### Dataset content
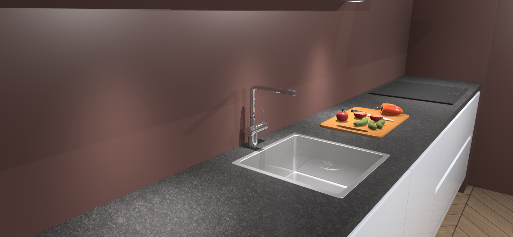 - Uitsparing van kookplaat, spoelbak en kraan dient u zelf te verzorgen.
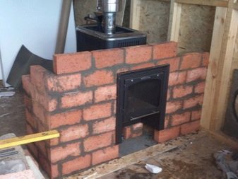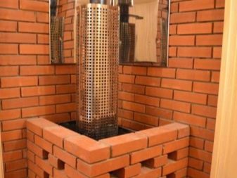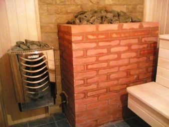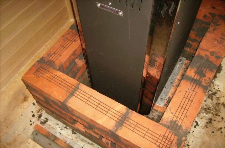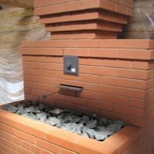Близо до стената срещу рафтовете в парната баня трябва да се издигне тухлен продуктд. Когато създавате проект, трябва да вземете предвид това разстоянието между отоплителната част на уреда и мястото, поддържащо горенето, трябва да бъде най -малко 40 cm. При избора на специална защита, например от азбестов картон, разстоянието може да бъде намалено до 20 см.
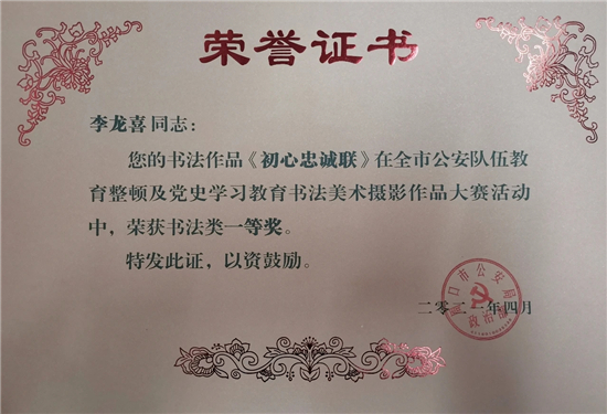 本次大赛,我市民辅警积极参加,踊跃报送,选送书法、美术、摄影作品30余件。其中扶沟县公安局宣传科李龙喜、交警大队厉夯等人的书法《初心忠诚联》《习近平讲话选抄》等作品分别荣获书法类一等奖、二等奖;扶沟县公安局宣传科闫晓凤等人的摄影作品《晨读》、《走访话安全》等分别荣获摄影类二等奖、三等奖。此次大赛,全面筑牢了民辅警忠诚履职的思想根基,切实把教育整顿及党史学习教育活动的成果转化为思想成果和工作成果。充分展示了扶沟公安坚定的理想信念和良好的精神风貌。②9

### Exercise objective
Your answer should reproduce every line of the data verbatim and include no images.

### Solution to this exercise
 - Uitsparing van kookplaat, spoelbak en kraan dient u zelf te verzorgen.
Близо до стената срещу рафтовете в парната баня трябва да се издигне тухлен продуктд. Когато създавате проект, трябва да вземете предвид това разстоянието между отоплителната част на уреда и мястото, поддържащо горенето, трябва да бъде най -малко 40 cm. При избора на специална защита, например от азбестов картон, разстоянието може да бъде намалено до 20 см.
 本次大赛,我市民辅警积极参加,踊跃报送,选送书法、美术、摄影作品30余件。其中扶沟县公安局宣传科李龙喜、交警大队厉夯等人的书法《初心忠诚联》《习近平讲话选抄》等作品分别荣获书法类一等奖、二等奖;扶沟县公安局宣传科闫晓凤等人的摄影作品《晨读》、《走访话安全》等分别荣获摄影类二等奖、三等奖。此次大赛,全面筑牢了民辅警忠诚履职的思想根基,切实把教育整顿及党史学习教育活动的成果转化为思想成果和工作成果。充分展示了扶沟公安坚定的理想信念和良好的精神风貌。②9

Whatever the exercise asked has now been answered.